Phylogenetic analysis was based on 45 Cicadellidae species with 2 Fulgoroidea species (Ricania speculum and Peregrinus maidis) selected as outgroups (Table S1). Sequences of 13 PCGs (without stop codons) and 2 rRNA genes were used to analyze the phylogenetic relationships. Each PCG and rRNA sequence was aligned using the MAFFT algorithm in Translator X (http://pc16141.mncn.csic.es/index_v4.html)45,46 and MAFFT v7.0 online server (https://mafft.cbrc.jp/alignment/server/) using the G-INS-i strategy47, respectively. Poorly aligned sequences were eliminated using Gblocks 9.1b (http://www.phylogeny.fr/one_task.cgi?task_type=gblocks)47. Finally, all sequences were assessed and manually corrected using MEGA643.

The alignments of individual genes were concatenated to generate 3 datasets including 13 PCGs and 2 rRNAs: (1) amino acid sequences of 13 PCGs (3,366 amino acids); (2) nucleotide sequences of 13 PCGs and 2 rRNAs (11,918 bp); (3) the first and second codons of 13 PCGs and 2 rRNAs (8,552 bp). ML phylogenetic trees were constructed using IQ-TREE v1.6.348, with the best model for each partition selected under the corrected Akaike Information Criteria using PartitionFinder2 (Table S2)49, and evaluated using the ultrafast bootstrap approximation approach for 10,000 replicates.

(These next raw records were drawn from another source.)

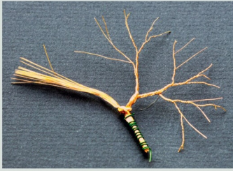
Zusätzliche Aufspreizung zur Feinstverästelung.
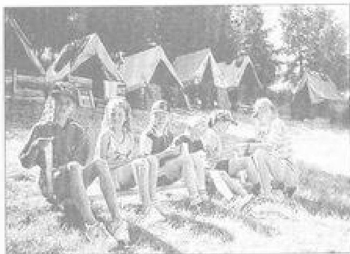
Za chvíli tu budou „indiáni na Valašsku“.
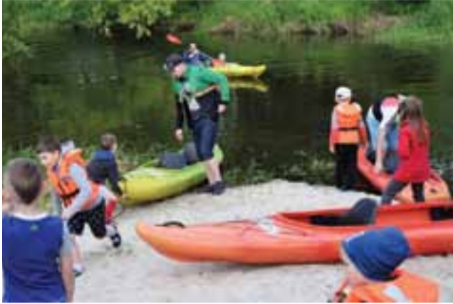
Największym zainteresowaniem cieszyły się kajaki
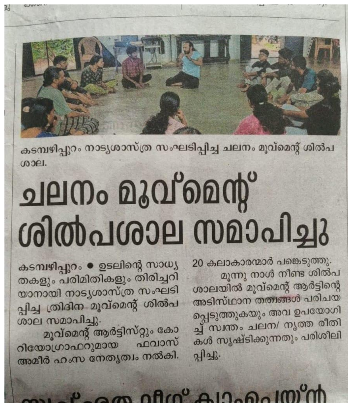
News paper cutting on workshop on movement in theater acting on 27/03/2023
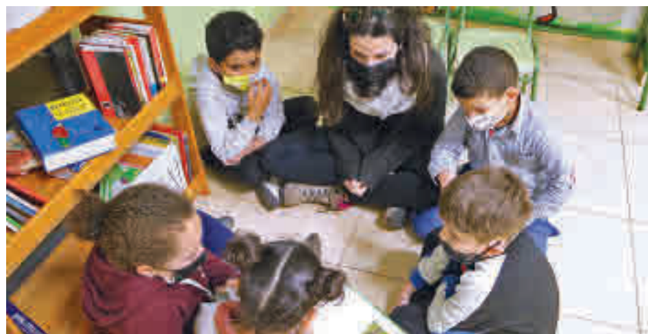
Els alumnes romandran tres dies més a casa.

L'últim dia lectiu abans de les vacances de Nadal es manté: serà el dilluns 21.
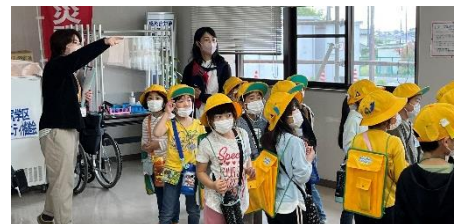
交流センター見学の様子

田尻交流センターや消防署などを訪れ、施設や働く人について調べました。普段目にするところまで見学し、子どもたちは興味津々でした。
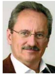
Christian Ude Oberbürgermeister (SPD)

Furthermore, BI analysis was conducted using MrBayes 3.2.650; following the partition schemes suggested by PartitionFinder, all model parameters were set as unlinked across partitions. Two simultaneous runs with 4 independent Markov chains were performed for 50 million generations, sampling every 100 generations. After the average standard deviation of split frequencies fell below 0.01, the first 25% samples were discarded as burn-in and the remaining trees were used to generate a consensus tree and calculate the posterior probabilities.